Who Stole the Gold? Part 3: Blow Smoke and Look the Other Way…
This is the thrilling conclusion to the investigation on the true mystery regarding the Tayos Caves – what has happened to the pure, prestigious, and lustrous golden ore?
Stanley Hall: Have Gun Will Travel
Based on the telegram in part two of this investigation, we know that British explorer Stanley Hall was as interested in mining for gold as Móricz. Móricz and Hall were organizing an expedition to the Tayos Caves together, but after squabbling about who would be in command and who would have exclusive rights to any discoveries, Móricz withdrew from the business partnership, and Hall became the head of the largest expedition to enter the Tayos Caves, the famous joint British-Ecuadorian expedition of 1976. The expedition included more than 120 people and penetrated more than 16 km (9.94 miles) into the Caves. According to Hall himself (p. 42), sixty-five British soldiers and scientists arrived in Quito on July 1, 1976 and joined up “with an equally large group of national and international scientists and Ecuadorian military personnel . . . amid a public outcry over the secrecy surrounding the operation.” According to D. Golding, Hall thought a joint operation would allow the explorers to “apply for a different permit while still maintaining the title deed to any discovered artifacts.” We should ask what the presence of armed soldiers on an archaeological/mining expedition suggests about the true nature of this operation. We should also note that the expedition was supported by one “Puma” helicopter, one “Alouette” helicopter, and one military “Arava” airplane.
Left to right, contemporary versions of the Puma, Alouette, and Arava aircraft. Photo credits: forcesmilitary.blogspot.com, nehandaradio.com, and airliners.net.

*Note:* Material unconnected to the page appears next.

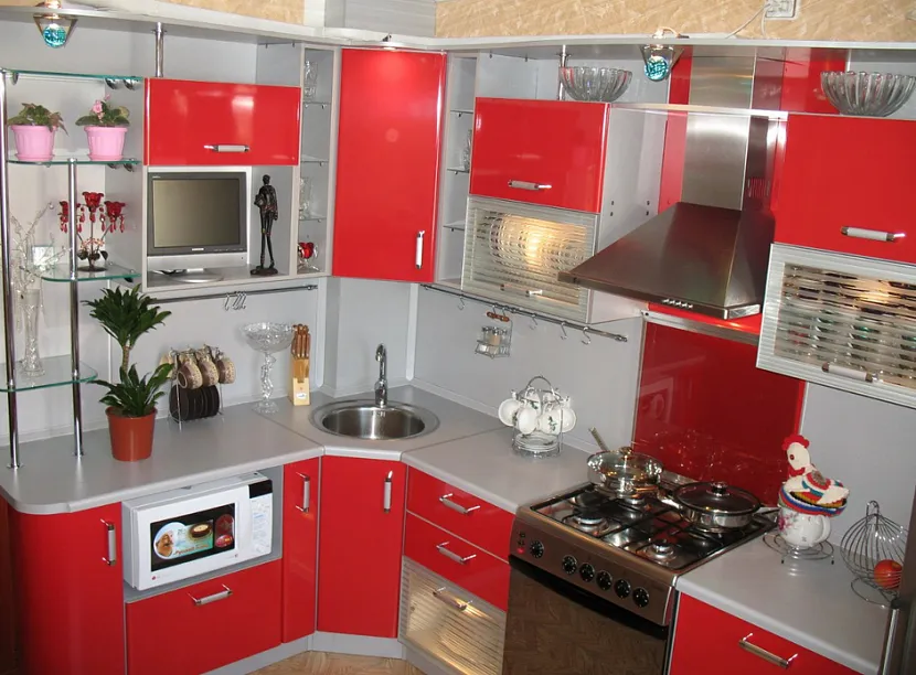 Не всякая мебель подойдет для маленькой кухни. Лучше всего остановить свой выбор на угловом кухонном гарнитуре. Радиусная мебель – самый оптимальный вариант для небольшой кухни.

What did Stanley Hall’s expedition find in the Tayos Caves? According to Ancientalienpedia, “the expedition found no treasure and no trace of anything that looked like the artifacts in Father Crespi’s collection.” However, they “did find a tomb chamber with items dating to 1500 BCE.” More credibly, Guillermo Aguirre reports that the 1976 expedition encountered several anthropomorphic ceramic figures in the Caves’ interior, which were “brought to Quito by the delegation from the Archeological Research Center of the Catholic University of Ecuador,” under the direction of Father Josefino Pedro Porras Garcés. In a video interview made by the Spanish investigator, Jaime Eduardo Rodríguez Tanguay, Hall holds up a photograph of a necklace and identifies it as one of the pieces taken from the Tayos Caves under the direction of Father Porras. (See photo below.) Hall also confirms that the expedition found a skeleton dating to 1500 BC. Hall also adds that PUCE Professor Patricio Moncayo Echeverría has additional photos of artifacts taken from the Tayos Caves.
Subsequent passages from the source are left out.